7.1.3. La Tour de Babel et les systèmes philosophiques

Ces systèmes informent la réalité qui existe indépendamment d’eux (Liberté, Égalité, etc.) chacun dans leur langage164. Nous pensons que toutes les valeurs peuvent se réduire à une « super value »165,

i.e., la valeur qui doit avoir le plus de valeur. Nous soutenons que cette valeur, dans le cas de l’éthique et de l’art, c’est celle du « sens » et qu’ainsi, chaque valeur « liberté », « égalité » sont des valeurs qui viennent informer potentielle cette notion de sens. Ces valeurs l’informent effectivement lorsqu’elles sont insérées dans des systèmes éthiques, par exemple : « la liberté-de-Kant » qui correspond à la notion de liberté telle que l’envisage la philosophie kantienne. De cette manière, ces valeurs informent notre accès à la super valeur. Pourquoi ? D’après la condition humaine, tant que les hommes sont en vie, ce qu’ils cherchent à faire, c’est comprendre, chercher le sens absolu de la vie. Les hommes ont en eux, cette demande fondamentale à laquelle ils ne peuvent eux-mêmes y répondre naturellement comme nous l’avons vu dans la partie I (limites de la rationalité, de l’environnement et du langage).

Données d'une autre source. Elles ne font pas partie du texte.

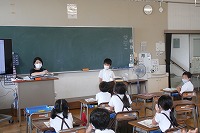 1年生が国語で、夏休みの思い出を発表し、それに対して考えた質問を交代で行っていました。質問するためには話をしっかり聞かなければなりません。発表する方も話す速さや声の大きさなどみんなに聞きやすいように話す必要があります。緊張もしますが、少しずつ経験を積み重ねることで、本当に大事な場面に臨めるようになります。

Alors, il leur faut effectuer des efforts et parmi ceux qui effectuent le plus ces efforts, ceux-là produisent par une nécessité ontologique, pour eux-mêmes et pour les autres, un système philosophique, une philosophie, c’est-à-dire, une projection du Sens : un sens. Ces systèmes philosophiques, ayant pris en compte le rôle de la philosophie : être une critique des limites de l’homme (critique de la rationalité avec Leibniz, critique de la connaissance avec Kant et critique du langage avec Wittgenstein166) proposent un langage sophistiqué dont l’accès au sens ne se fait que par immersion dans le réseau propre à chaque système167.